── Given information ──
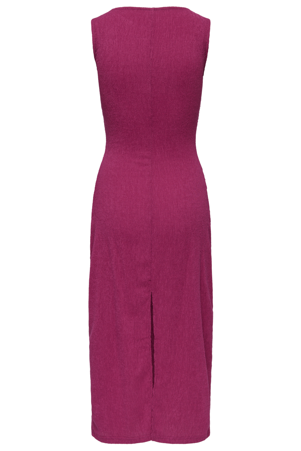 Deze casual zomerjurk van Only in een levendige Sangria tint is een elegante aanvulling op je garderobe. De jurk heeft een moderne slim fit pasvorm die je figuur prachtig accentueert. Dankzij de zachte mix van 79% polyester, 20% viscose, en 1% elastaan, voelt de jurk comfortabel aan op de huid en biedt het voldoende elasticiteit voor een perfecte pasvorm. De lange lengte geeft het kledingstuk een stijlvolle uitstraling, terwijl de mouwloze afwerking het perfect maakt voor warme zomerdagen. De ronde hals en subtiele plooien aan de voorkant voegen een verfijnde touch toe aan deze veelzijdige jurk. Met deze Only jurk ben je klaar voor elke gelegenheid, of je nu een casual dagje uit hebt gepland of een zomerse avondbijeenkomst hebt. De split aan de achterkant zorgt voor bewegingsvrijheid en geeft een speelse touch aan het geheel. Combineer de jurk met sandalen voor een ontspannen look, of voeg een paar elegante hakken toe voor een meer formele setting. Of je nu naar een feestje gaat of gewoon geniet van een zonnige dag, deze jurk biedt je een moderne en comfortabele keuze.
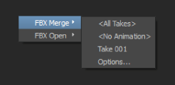 | Take 001 | This part of the context menu lists the takes in the .fbx file. Selecting the take name merges only keyframe animation on assets and models associated with the selected take. |
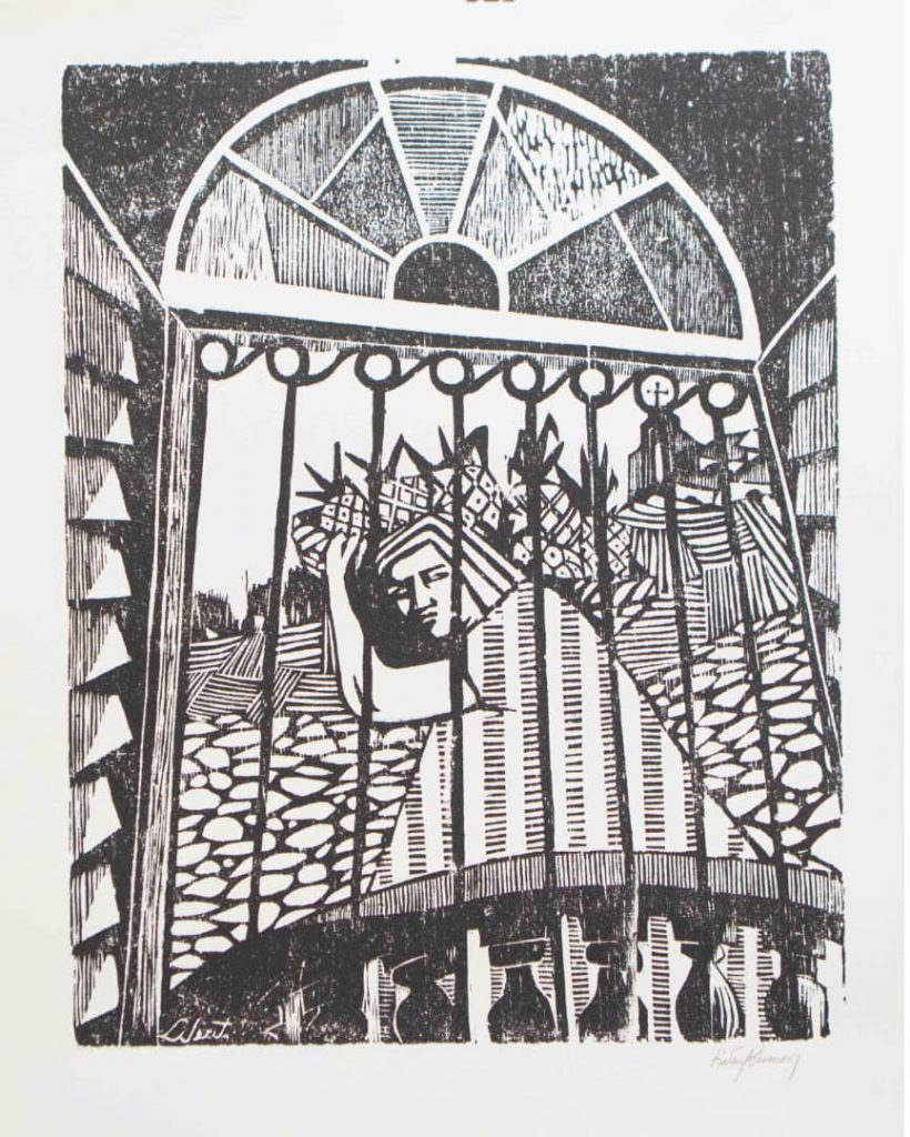 Los interiores domésticos y la temática histórica se alejan del esteticismo identitario y la apología épica de falsas alabanzas para dotarles de la calidez de la viñeta y el simbolismo de matiz cívico-social (serie Casa de vecindad, 1960 y “II Declaración de la Habana”,1962), mientras que a lo religioso instituido le sustituyen la religiosidad popular, la fe en los santos protectores de todo gremio —en este caso el de los grabadores— y la reflexión sobre los dolores más intensos e insuperables de la vida.
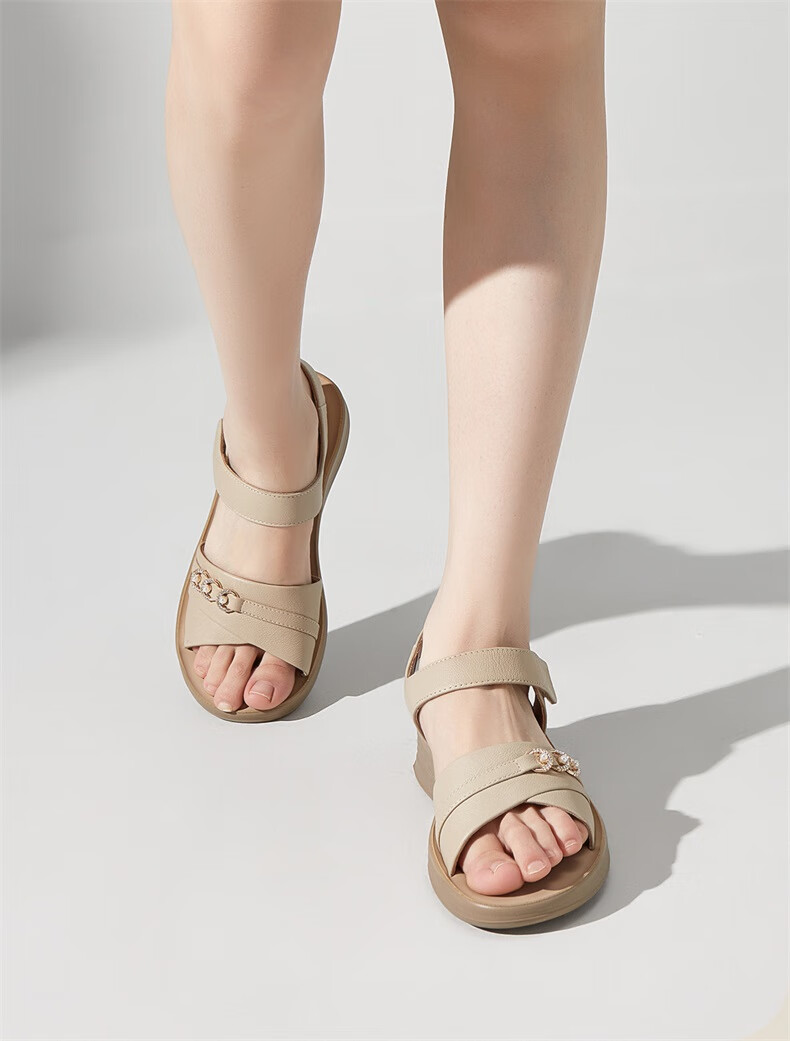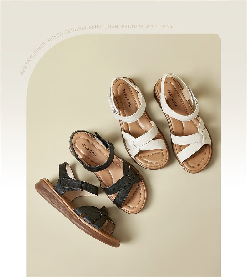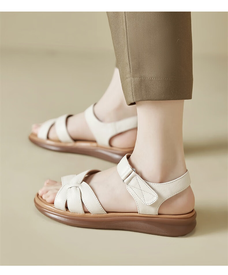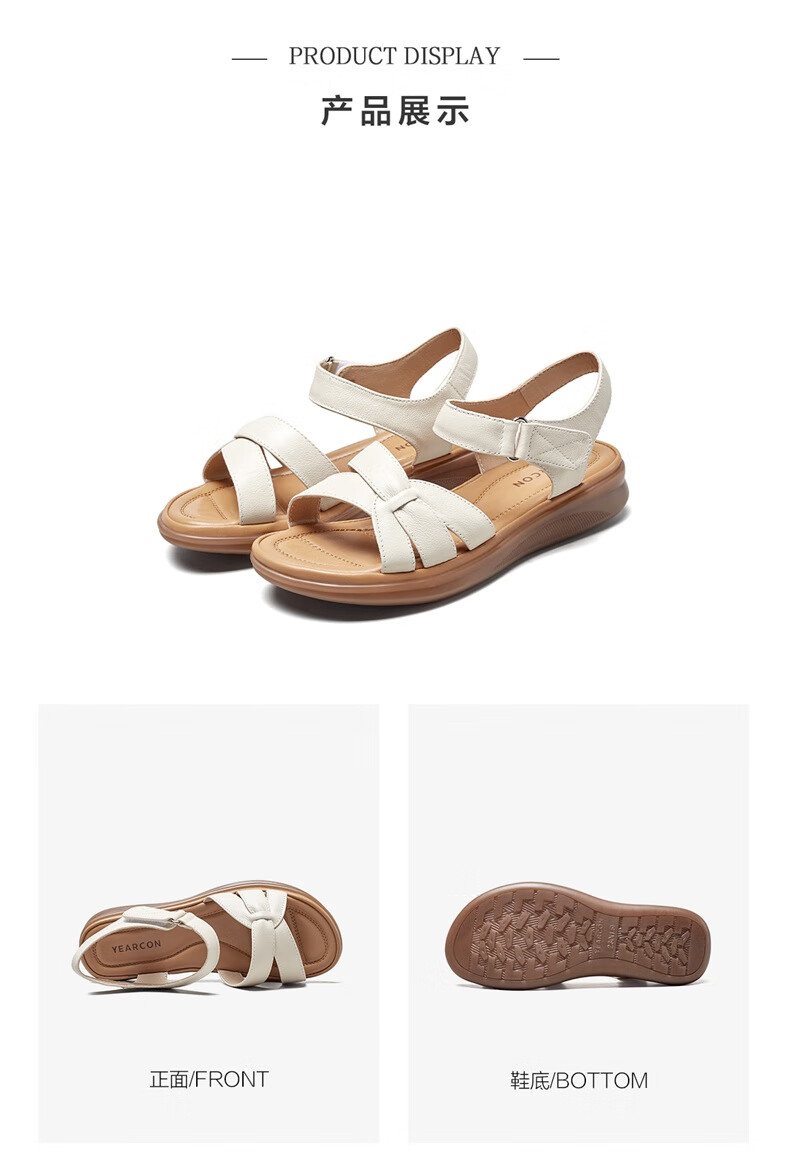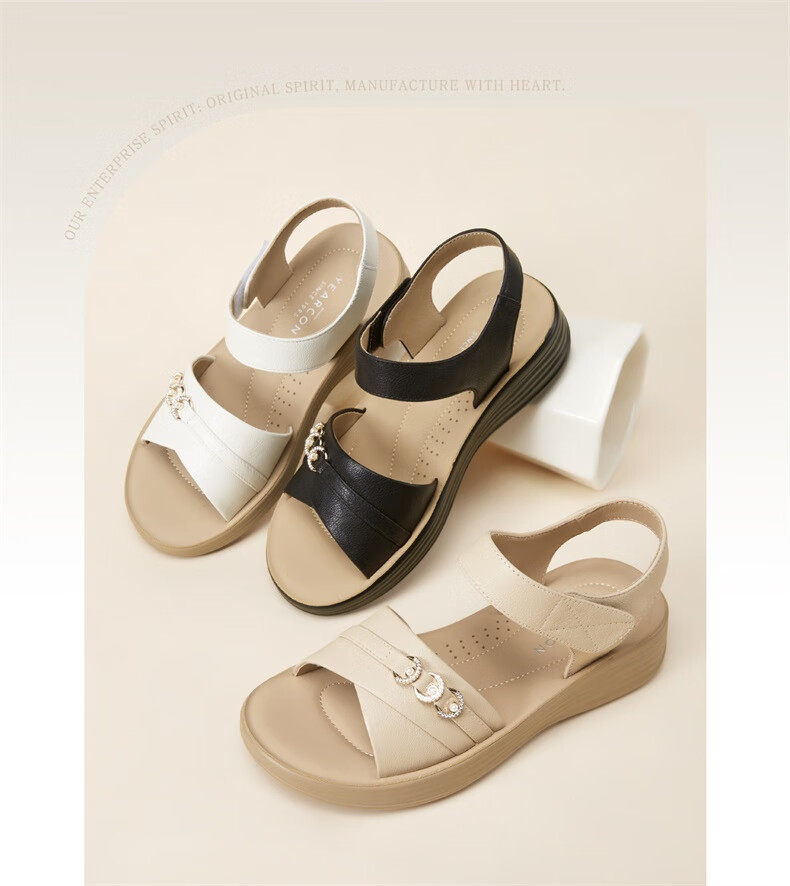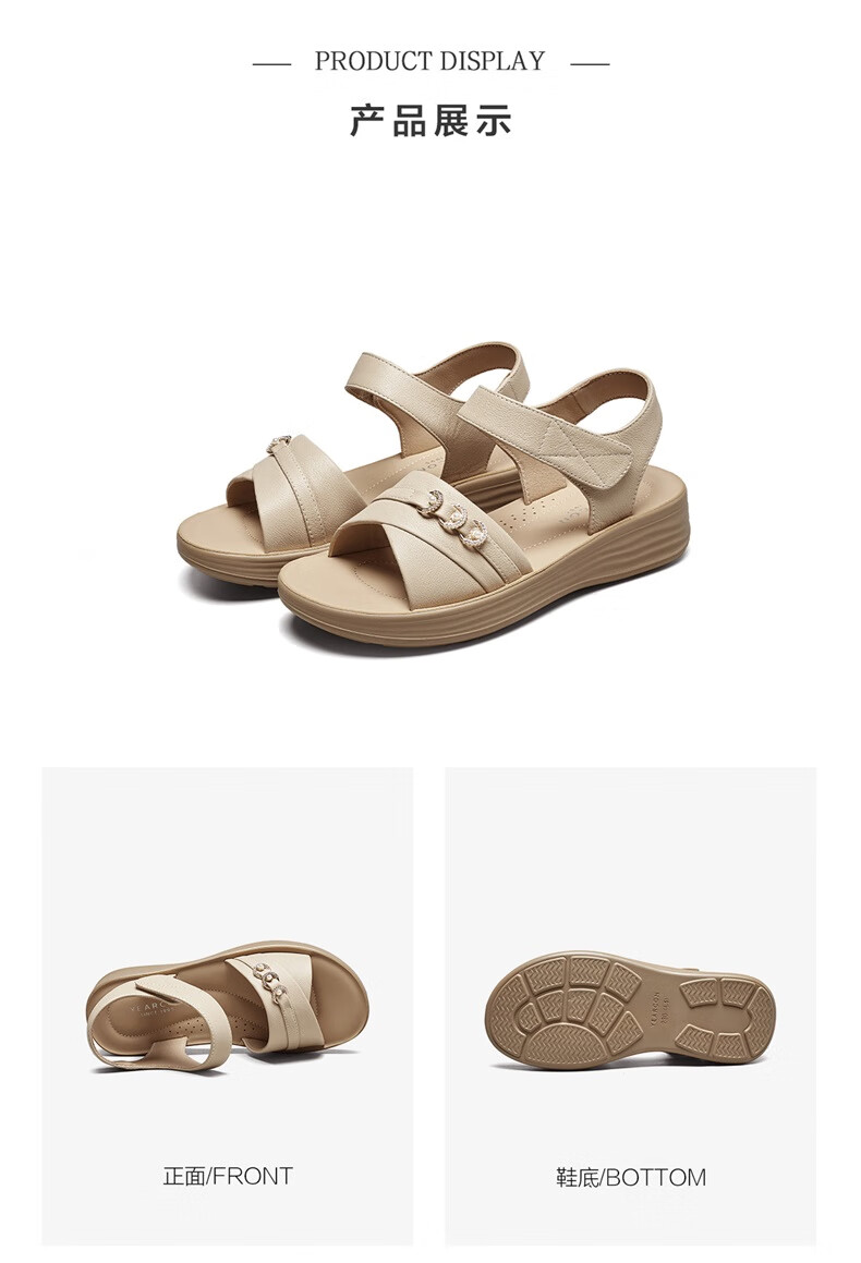 Yierkan Leather Shoes Women's Soft Sole Wedge Flat Shoes Middle-aged Mom Velcro Leather Sandals 11001W Apricot 38
───
## What is expected
With the pictures left out, output exactly the lines that begin at the line containing "selected take. |" and end at the last line of the material.

## Answer box
 | Take 001 | This part of the context menu lists the takes in the .fbx file. Selecting the take name merges only keyframe animation on assets and models associated with the selected take. |
 Los interiores domésticos y la temática histórica se alejan del esteticismo identitario y la apología épica de falsas alabanzas para dotarles de la calidez de la viñeta y el simbolismo de matiz cívico-social (serie Casa de vecindad, 1960 y “II Declaración de la Habana”,1962), mientras que a lo religioso instituido le sustituyen la religiosidad popular, la fe en los santos protectores de todo gremio —en este caso el de los grabadores— y la reflexión sobre los dolores más intensos e insuperables de la vida.
 Yierkan Leather Shoes Women's Soft Sole Wedge Flat Shoes Middle-aged Mom Velcro Leather Sandals 11001W Apricot 38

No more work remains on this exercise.